For years, hospitals have reduced the number of staff they employ so as to reduce the hospital’s exposure for claims of medmal against them.
This has been done by hiring independent contractors to perform many of the services that some employees used to be responsible for.
For example, now emergency room physicians groups are not hospital employees but are independent contractors.
This is also true, in many cases, of radiologists, pathologists, etc.
Historically, private physicians who render care to their patients are not employees of the hospital.
However, there are now treating doctors in hospitals who are employed by the hospitals that are called Hospitalists.
They are not private physicians but provide care only in hospitals.
Many private doctors prefer not to see their patients in a hospital setting and have only an office practice.
When one of their patients has to be seen at a hospital, it is the hospitalist who is the admitting and primary doctor for the patients care.
Lastly, in some situations, a private doctor who is not an actual employee of the hospital can be determined to be an apparent employee of the hospital.
This is true when the physician and/or the hospital give the appearance that the doctor is an agent of the hospital.
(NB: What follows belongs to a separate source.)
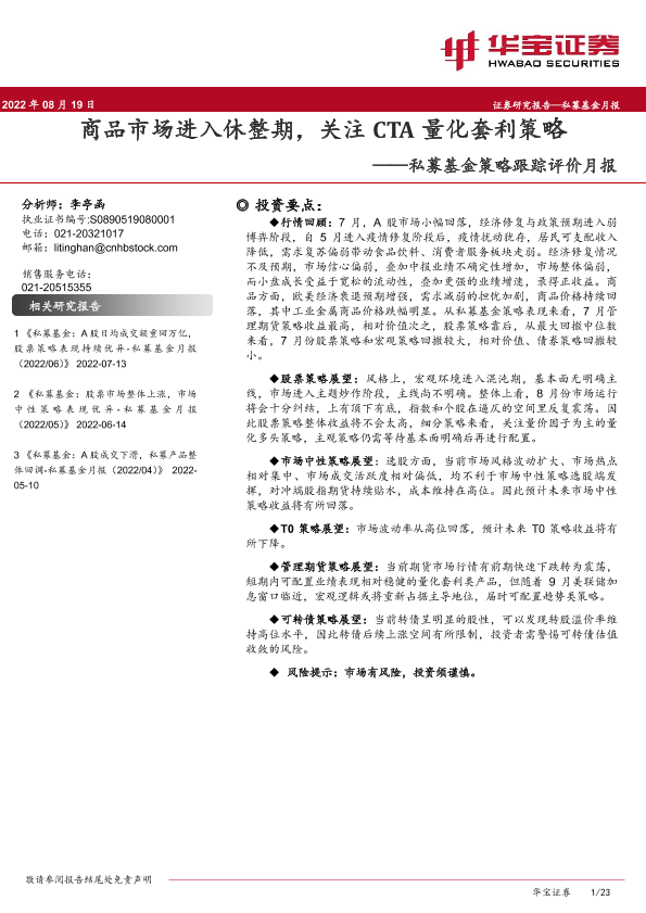 【华宝证券】【20220819】私募基金策略跟踪评价月报:商品市场进入休整期,关注CTA量化套利策略-23页

Also, you should know that some area hospitals are teaching hospitals. What that means is these hospitals are associated with state medical colleges, and many of the doctors on staff are employees of the state and not the hospital. Medical students are trained at the hospital by these physicians, and they are not employees of the hospital either.
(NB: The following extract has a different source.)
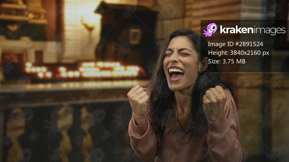 Young hispanic woman with fists clenched shouting in church near votive candles and stone altar; faith joy devotion.

If a patient is negligently injured while being treated by one these doctors or a student, no medical malpractice claim can be made against the hospital.
Any claim must be made against the State of Florida, their employer.
Unfortunately, there are caps or limits regarding the amount of compensation that a patient is entitled to for a claim against the state.
Florida Statute 768.28 dictates that the most an injured patient can receive in compensation for an injury, no matter how severe or disabling, is $200,000.
It does not matter how much the medical and hospital charges are or what the total of lost wages are or the degree of pain and suffering.
That is the most you can be awarded.
Also, the attorney fee that the patient’s lawyer can charge for services rendered and costs paid is 25% of the recovery, no matter how much time and expense it took to prevail. This is paid by the client out of the proceeds.
Therefore, the net maximum the patient will receive is $150,000. It is tough to find an experienced trial attorney to handle a claim against the State because the time spent and expenses incurred are not economically viable.
Some of the local area hospitals that are teaching hospitals are Tampa General, Moffitt Cancer Center, All Childrens, Sarasota Memorial and Morton Plant.
These are all excellent hospitals which provide superior care.
However, if an injury occurs because of medical negligence to a patient by a doctor or student employed by the state, you should be aware of the limited compensation you will be entitled to.